Imagine you want to go on holiday next month. Imagine! You would like to know what the temperature will be on a small island that has no weather information. To do this you find the following information about other countries around the world: latitude, longitude, month, average temperature. Now you can use a machine learning technique called Regression to predict the temperature at your potential destination using its lat/lon and the month. This is a prediction task.

An alternative approach would be to make a list of destinations you like, and those you don’t like. Gather the same information of lat/lon, month and temperature for a sample of countries, but this time add a ‘Yes’ or ‘No’ for whether you like them or not. You can now choose one of many machine learning classification algorithms to label the rest of the world’s countries Yes or No. This is a binary (there are two categories) classification task.

Supervised vs unsupervised learning

The previous example was of supervised learning. In the supervised scenario a set of labelled examples are passed to a machine learning classifier which learns to identify relationships between features of the data and the labels, or a numerical output. The table shows some examples of features and labels for some supervised learning tasks:

Task Application Features Output Example learned relationship
Classification Sentiment analysis Words in a sentence ‘Positive’ or ‘Negative’ ‘glad’ or ‘happy’ weighted towards ‘Positive’ label
Classification Seasonal paintings Images of paintings ‘Spring’,’Summer’,’Autumn’,’Winter’ Red leaves more predictive of Autumn label
Prediction Child height estimate Age of child number in centimetres Height increases as age increases

Unsupervised learning is not given any examples. Instead a target is suggested and the algorithm groups the data based on that target. The target is usually the number of groups wanted, and the algorithm will place data points into each group in order to maximum the similarity of group members.
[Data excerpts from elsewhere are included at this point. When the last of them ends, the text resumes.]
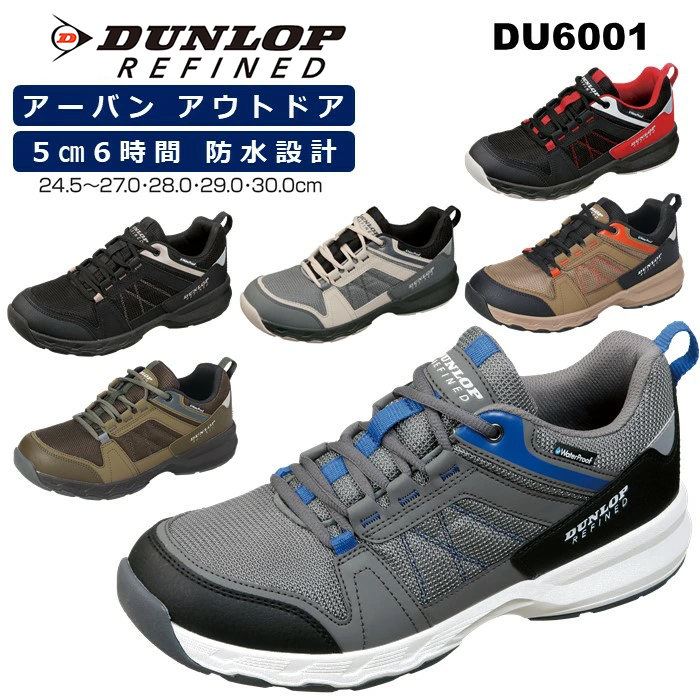 トレッキングシューズ メンズ スニーカー トレッキング ローカット 防水シューズ ダンロップ リファインド DU6001 防水 軽量 ワイド 幅広 4e 紐 靴 大きいサイズ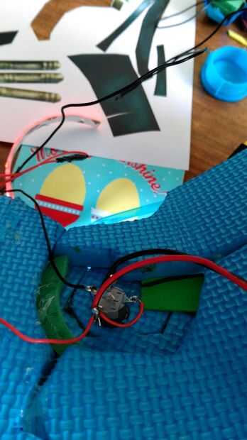 Una vez que el botón fue pegado en su lugar que puse sobre lo de cableado también la batería de 9 voltios y el LED de la tira.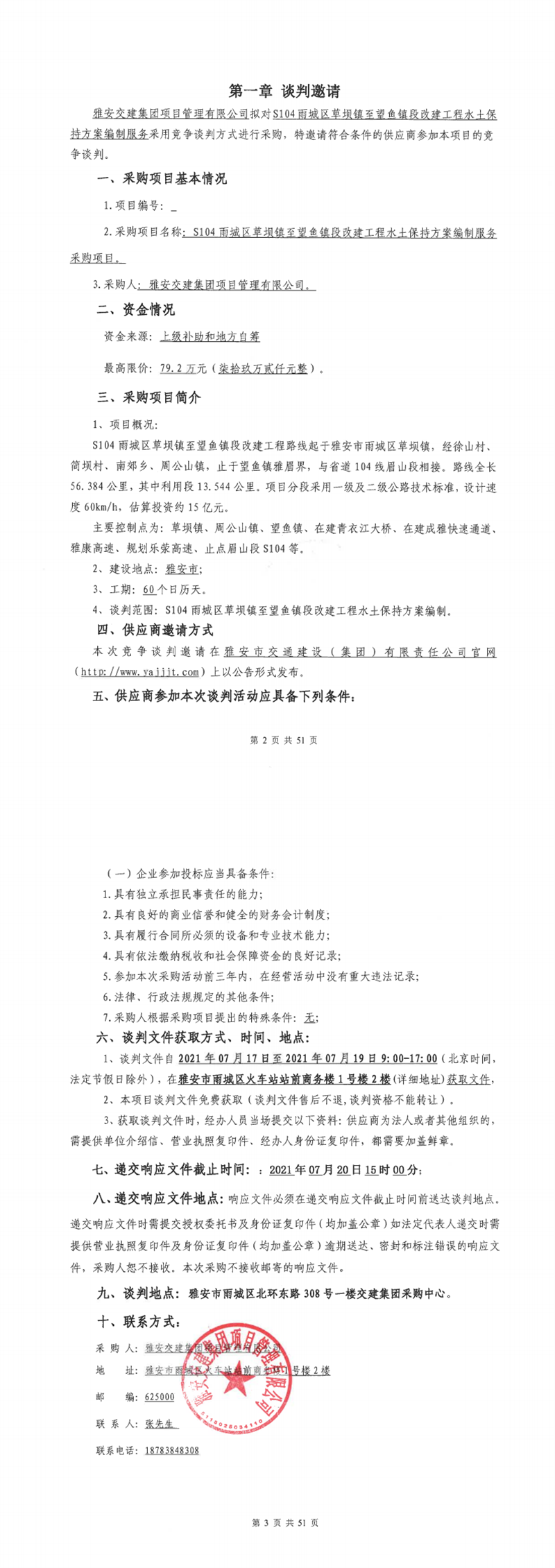雅安交建集團(tuán)項(xiàng)目管理有限公司S104雨城區(qū)草壩鎮(zhèn)至望魚段改建工程水土保持方案編制服務(wù)采購項(xiàng)目競(jìng)爭(zhēng)談判公告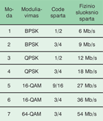 1 lentelė. HyperLAN2 fizinio sluoksnio modos.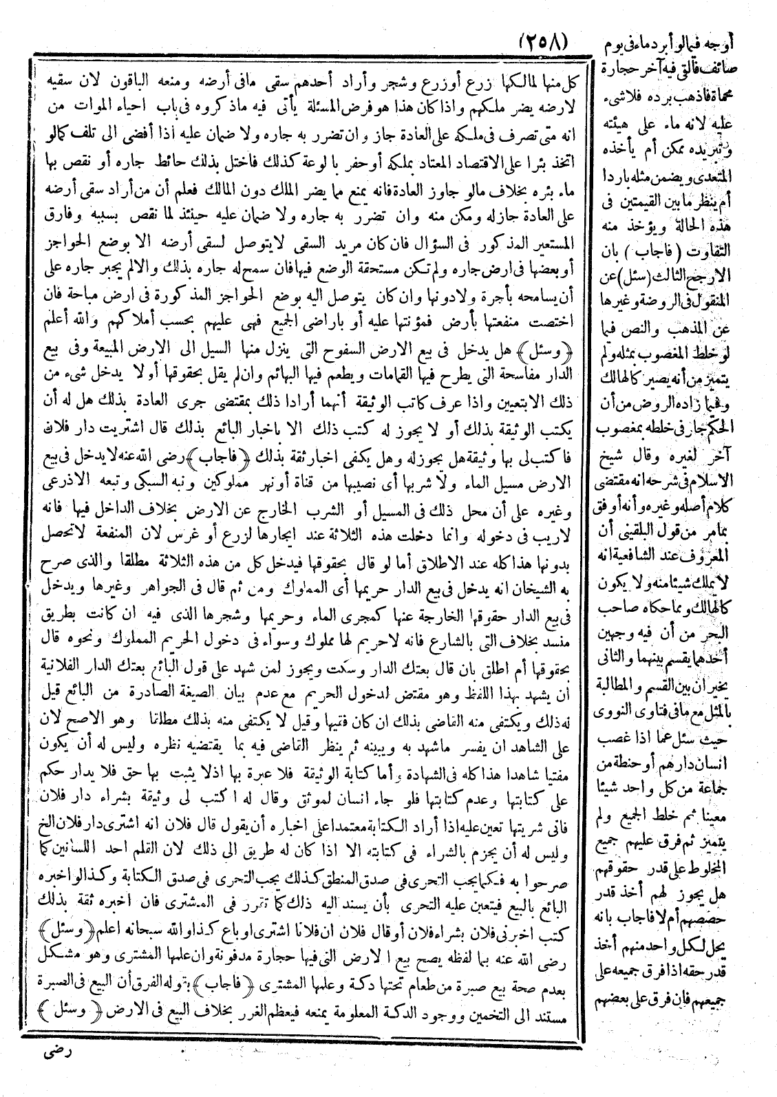 كُلّ مِنْهَا لِمَالِكِهَا زَرْعٌ أَوْ زَرْعٌ وَشَجَرٌ وَأَرَادَ أَحَدُهُمْ سَقْيَ مَا فِي أَرْضِهِ وَمَنَعَهُ الْبَاقُونَ لِأَنَّ سَقْيَهُ لِأَرْضِهِ يَضُرُّ مِلْكَهُمْ وَإِذَا كَانَ هَذَا هُوَ فَرْضُ الْمَسْأَلَةِ يَأْتِي فِيهِ مَا ذَكَرُوهُ فِي بَابِ إحْيَاءِ الْمَوَاتِ مِنْ أَنَّهُ مَتَى تَصَرَّفَ فِي مِلْكِهِ عَلَى الْعَادَةِ جَازَ وَإِنْ تَضَرَّرَ بِهِ جَارُهُ وَلَا ضَمَانَ عَلَيْهِ إذَا أَفْضَى إلَى تَلَفٍ كَمَا لَوْ اتَّخَذَ بِئْرًا عَلَى الِاقْتِصَادِ الْمُعْتَادِ بِمِلْكِهِ أَوْ حَفَرَ بَالُوعَةً كَذَلِكَ فَاخْتَلَّ بِذَلِكَ حَائِطُ جَارِهِ أَوْ نَقَصَ بِهَا مَاءُ بِئْرِهِ بِخِلَافِ مَا لَوْ جَاوَزَ الْعَادَةَ فَإِنَّهُ يُمْنَعُ مِمَّا يَضُرُّ الْمِلْكَ دُونَ الْمَالِكِ فَعُلِمَ أَنَّ مَنْ أَرَادَ سَقْيَ أَرْضِهِ عَلَى الْعَادَةِ جَازَ لَهُ وَمُكِّنَ مِنْهُ وَإِنْ تَضَرَّرَ بِهِ جَارُهُ وَلَا ضَمَانَ عَلَيْهِ حِينَئِذٍ لِمَا نَقَصَ بِسَبَبِهِ وَفَارَقَ الْمُسْتَعِير الْمَذْكُور فِي السُّؤَالِ.

The following activity aims to give you an intuition for clustering, a commonly used form of unsupervised learning.


Imagine there are 6 people in a workshop and you need to split them evenly between 2 tables based on the similarity of their interests. Their interests are listed below in order of preference. How would you divide them into 2 tables with 3 people on each table?

  • Person A - politics, sport, nature
  • Person B - walking, cooking, quiz shows
  • Person C - baking, sewing, athletics
  • Person D - newspapers, biographies, history
  • Person E - football, rugby, cricket
  • Person F - fine dining, pub quizzes, bird watching


There isn’t a right answer to this challenge. In fact an algorithm with no other information other than the words above would probably distribute them randomly. To perform the task it would need further information that could provide semantic relationships between the words. That may it could establish that sport is similar to football, rugby and cricket, and fine dining and cooking are related. Without that information they are just meaningless strings to a computer. You should have seen that there are multiple solutions and when using unsupervised methods you have little influence over which is chosen.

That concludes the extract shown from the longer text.